Please repeat nothing except the lines from the one containing "В той же манере" through the end of the records, exactly and without pictures.

Top of Records to process

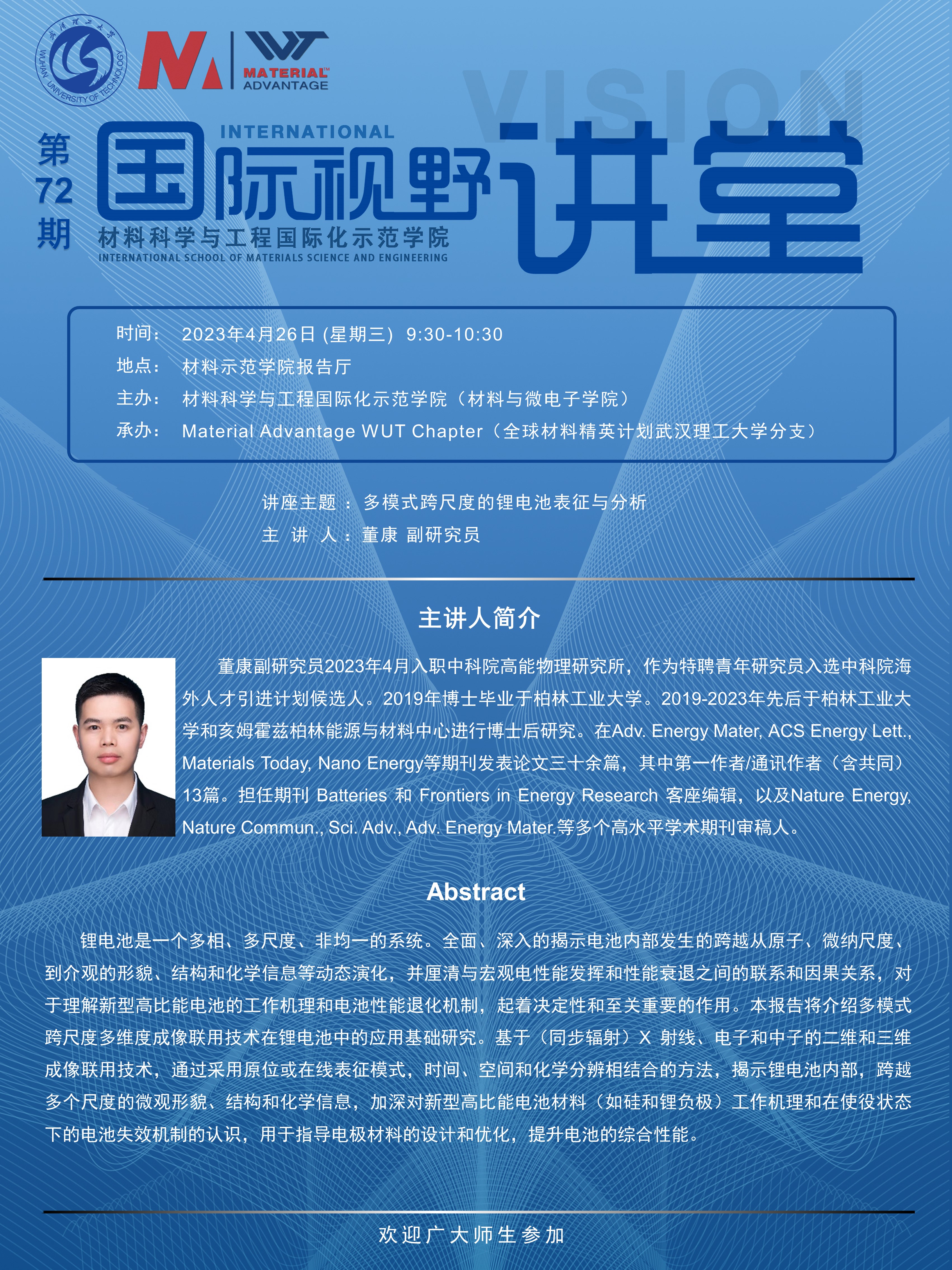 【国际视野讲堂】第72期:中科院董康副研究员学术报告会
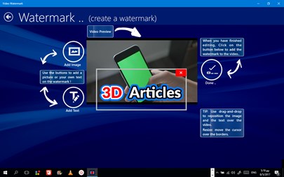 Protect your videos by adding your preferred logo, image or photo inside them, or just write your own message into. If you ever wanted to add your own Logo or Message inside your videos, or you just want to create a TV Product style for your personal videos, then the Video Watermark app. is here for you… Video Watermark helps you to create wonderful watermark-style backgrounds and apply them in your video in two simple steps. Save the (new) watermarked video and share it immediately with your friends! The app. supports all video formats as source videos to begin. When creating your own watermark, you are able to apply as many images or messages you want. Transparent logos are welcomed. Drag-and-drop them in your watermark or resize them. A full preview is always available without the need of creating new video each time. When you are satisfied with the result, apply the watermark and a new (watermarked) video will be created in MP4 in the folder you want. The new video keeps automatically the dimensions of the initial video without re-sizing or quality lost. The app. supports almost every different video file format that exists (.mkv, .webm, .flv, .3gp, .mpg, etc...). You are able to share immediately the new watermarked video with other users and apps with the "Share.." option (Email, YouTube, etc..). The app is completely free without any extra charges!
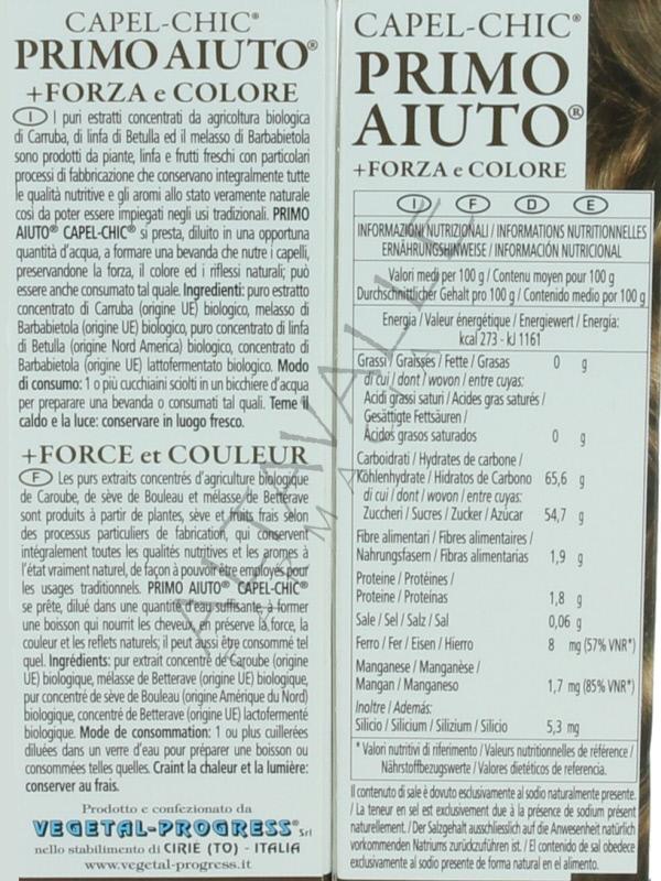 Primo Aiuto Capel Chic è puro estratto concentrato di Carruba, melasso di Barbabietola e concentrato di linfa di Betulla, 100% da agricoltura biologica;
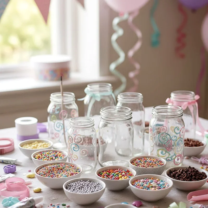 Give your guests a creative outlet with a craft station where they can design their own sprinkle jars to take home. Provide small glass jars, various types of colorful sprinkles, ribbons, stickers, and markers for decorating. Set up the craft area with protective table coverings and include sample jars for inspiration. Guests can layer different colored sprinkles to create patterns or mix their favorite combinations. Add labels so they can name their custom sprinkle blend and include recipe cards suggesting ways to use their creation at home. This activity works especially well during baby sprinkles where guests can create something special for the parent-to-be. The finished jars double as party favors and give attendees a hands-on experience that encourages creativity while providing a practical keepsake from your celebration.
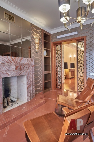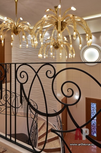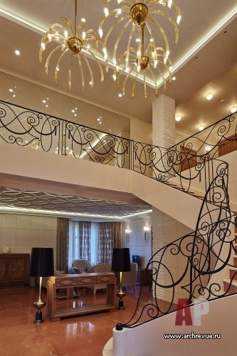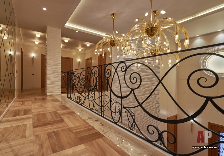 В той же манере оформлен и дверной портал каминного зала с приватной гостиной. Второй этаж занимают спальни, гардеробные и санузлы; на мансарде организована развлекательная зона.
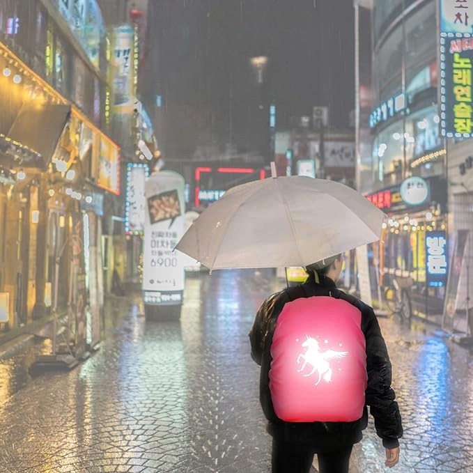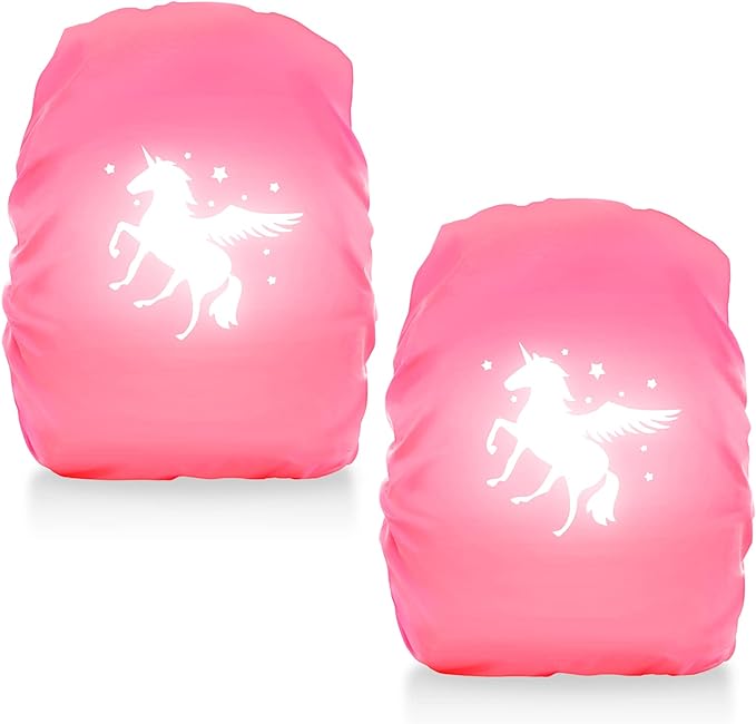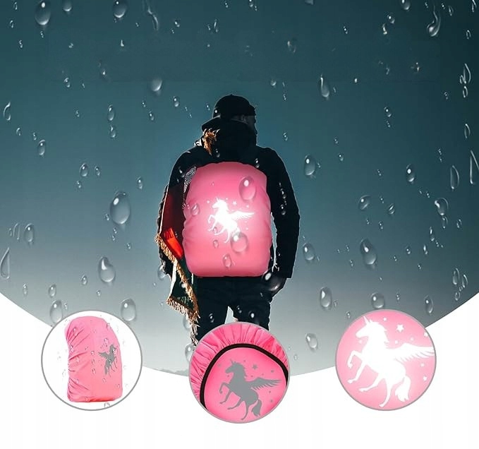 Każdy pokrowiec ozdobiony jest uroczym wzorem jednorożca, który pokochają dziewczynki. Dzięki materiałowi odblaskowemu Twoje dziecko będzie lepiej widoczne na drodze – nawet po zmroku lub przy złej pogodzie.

Bottom of Records to process

_Problem solution_
 В той же манере оформлен и дверной портал каминного зала с приватной гостиной. Второй этаж занимают спальни, гардеробные и санузлы; на мансарде организована развлекательная зона.
 Każdy pokrowiec ozdobiony jest uroczym wzorem jednorożca, który pokochają dziewczynki. Dzięki materiałowi odblaskowemu Twoje dziecko będzie lepiej widoczne na drodze – nawet po zmroku lub przy złej pogodzie.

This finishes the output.